[Assigned task] I'd like the data beneath this line reproduced exactly, without any of its images.

[Data extract]
------------------------------------
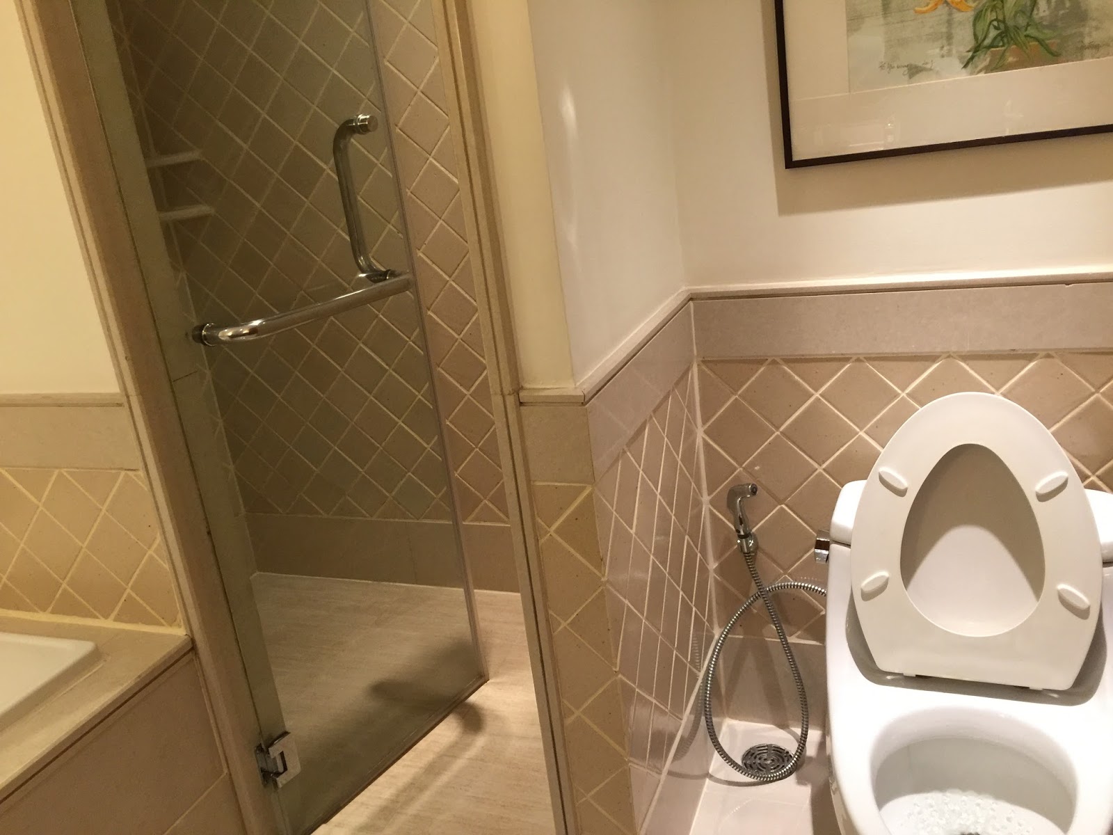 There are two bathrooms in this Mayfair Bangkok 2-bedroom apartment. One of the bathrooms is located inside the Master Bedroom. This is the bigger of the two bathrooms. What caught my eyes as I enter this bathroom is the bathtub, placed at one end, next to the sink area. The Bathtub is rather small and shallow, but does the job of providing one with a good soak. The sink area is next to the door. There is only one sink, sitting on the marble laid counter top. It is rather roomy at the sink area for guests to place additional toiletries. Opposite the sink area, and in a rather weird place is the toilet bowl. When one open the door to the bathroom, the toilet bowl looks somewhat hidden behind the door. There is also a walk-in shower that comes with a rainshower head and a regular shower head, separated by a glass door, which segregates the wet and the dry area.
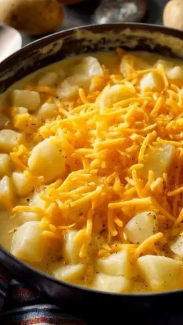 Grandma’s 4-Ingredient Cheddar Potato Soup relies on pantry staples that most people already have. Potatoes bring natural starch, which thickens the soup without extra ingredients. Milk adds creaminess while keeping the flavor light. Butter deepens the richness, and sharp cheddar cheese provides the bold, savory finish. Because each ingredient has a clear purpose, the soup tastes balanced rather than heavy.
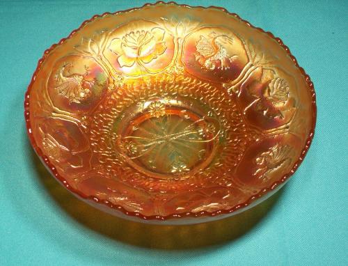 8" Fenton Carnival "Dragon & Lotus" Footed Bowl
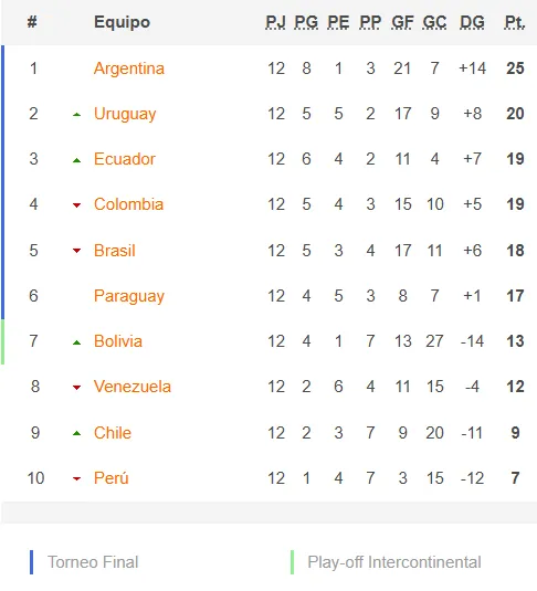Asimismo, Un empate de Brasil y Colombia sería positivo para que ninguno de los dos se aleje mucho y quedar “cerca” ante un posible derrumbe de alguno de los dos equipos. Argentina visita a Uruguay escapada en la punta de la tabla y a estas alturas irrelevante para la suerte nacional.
------------------------------------
[Solution to the problem]
 There are two bathrooms in this Mayfair Bangkok 2-bedroom apartment. One of the bathrooms is located inside the Master Bedroom. This is the bigger of the two bathrooms. What caught my eyes as I enter this bathroom is the bathtub, placed at one end, next to the sink area. The Bathtub is rather small and shallow, but does the job of providing one with a good soak. The sink area is next to the door. There is only one sink, sitting on the marble laid counter top. It is rather roomy at the sink area for guests to place additional toiletries. Opposite the sink area, and in a rather weird place is the toilet bowl. When one open the door to the bathroom, the toilet bowl looks somewhat hidden behind the door. There is also a walk-in shower that comes with a rainshower head and a regular shower head, separated by a glass door, which segregates the wet and the dry area.
 Grandma’s 4-Ingredient Cheddar Potato Soup relies on pantry staples that most people already have. Potatoes bring natural starch, which thickens the soup without extra ingredients. Milk adds creaminess while keeping the flavor light. Butter deepens the richness, and sharp cheddar cheese provides the bold, savory finish. Because each ingredient has a clear purpose, the soup tastes balanced rather than heavy.
 8" Fenton Carnival "Dragon & Lotus" Footed Bowl
Asimismo, Un empate de Brasil y Colombia sería positivo para que ninguno de los dos se aleje mucho y quedar “cerca” ante un posible derrumbe de alguno de los dos equipos. Argentina visita a Uruguay escapada en la punta de la tabla y a estas alturas irrelevante para la suerte nacional.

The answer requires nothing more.